A sober, balanced, and nuanced report for a liberal writer and publication....

But such "studies" by and in such media generally overlook several fundamentals. 1. "Liberalism," as the main product of the Enlightenment and as the socio-political face of "modernism," is inherently anti-God, anti-spirit, to the extent that it is pro-humanism and pro-carnality and, though we can quibble, both of these "antis" are basic to the fabric of modernism. Furthermore, evangelical Christians and all other thinking Christians (even serious Jews, Muslims, Hindus..).know it. Ironically, the liberal god—education— works against its creator when this is revealed, as it inevitably is whenever anyone gets a smattering of modern higher education. The Democrats / Republicans self-definitions are being more clearly defined by their platforms and their pronouncements (bless the big mouth of Howard Dean) these days than ever before, so this awareness is going to grow.

2. Though social justice entails programs to alleviate poverty and provide more just access to medical care, the preservation of the environment, and other so-called "humanistic" issues do concern all Christians, including the anti-modernists, no one approach to improving the lot of all people in these regards has proven failsafe.
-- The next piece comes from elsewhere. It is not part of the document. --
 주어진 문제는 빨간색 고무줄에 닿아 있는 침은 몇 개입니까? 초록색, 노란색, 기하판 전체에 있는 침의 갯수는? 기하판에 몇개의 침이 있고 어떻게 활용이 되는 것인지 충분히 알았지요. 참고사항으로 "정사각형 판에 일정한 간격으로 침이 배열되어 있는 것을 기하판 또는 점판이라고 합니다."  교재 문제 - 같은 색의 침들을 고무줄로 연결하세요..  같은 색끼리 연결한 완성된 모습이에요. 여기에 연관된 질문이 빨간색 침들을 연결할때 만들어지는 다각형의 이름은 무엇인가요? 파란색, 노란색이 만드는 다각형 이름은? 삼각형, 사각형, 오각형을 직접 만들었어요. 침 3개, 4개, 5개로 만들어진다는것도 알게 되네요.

And the preponderance of the evidence (can you say "Bolsheviks"?) does not weigh heavy on the side of government interference.

3. A similar two-sided theory and praxis regarding war also pertains. 4. Any educated intelligent adult can discern that a "minority" that coalesces around a main platform-plank of "sodomy is a human right" is not a legitimate social minority and the liberal-humanist attempt to claim otherwise can only be perceived as trying to deceive the rest of us and engaging in politically motivated machinations.


March 2 2005 | Guess which side Howard Dean thinks he's on in battle of good vs. evil


Wouldn't you hope that Howard Dean, of all people, would have learned that "pride goeth before a fall"?

I wonder if encouraging women torn by an unwanted pregnancy to disregard the counsel of their pastors or other spiritual leaders, on the basis that anyone who sides with their baby is "right-wing," is the better part of wisdom.

If only it were all so simple! If only there were evil people somewhere committing evil deeds, and it were necessary only to separate them from the rest of us and destroy them. But the line dividing good and evil cuts through the heart of every human being. And who is willing to destroy a piece of his own heart?

 —Alexander Solzhenitsyn
(The Gulag Archi-pelago)


March 1 2005 | Once stronghold-of-Protestantism Scotland has UK's lowest religion stats


I have a theory:
Northern Ireland's much larger population of professing Christians demonstrates the power in competition. Nowhere in the world is the competition between Protestant and Catholic parties stronger. Scotland, by contrast, has virtually no competition for spiritual superiority. But the hope for a revival of Christianity may lie in that strongest youthful rising tide in the land of heather and lochs: the adolescent Muslims.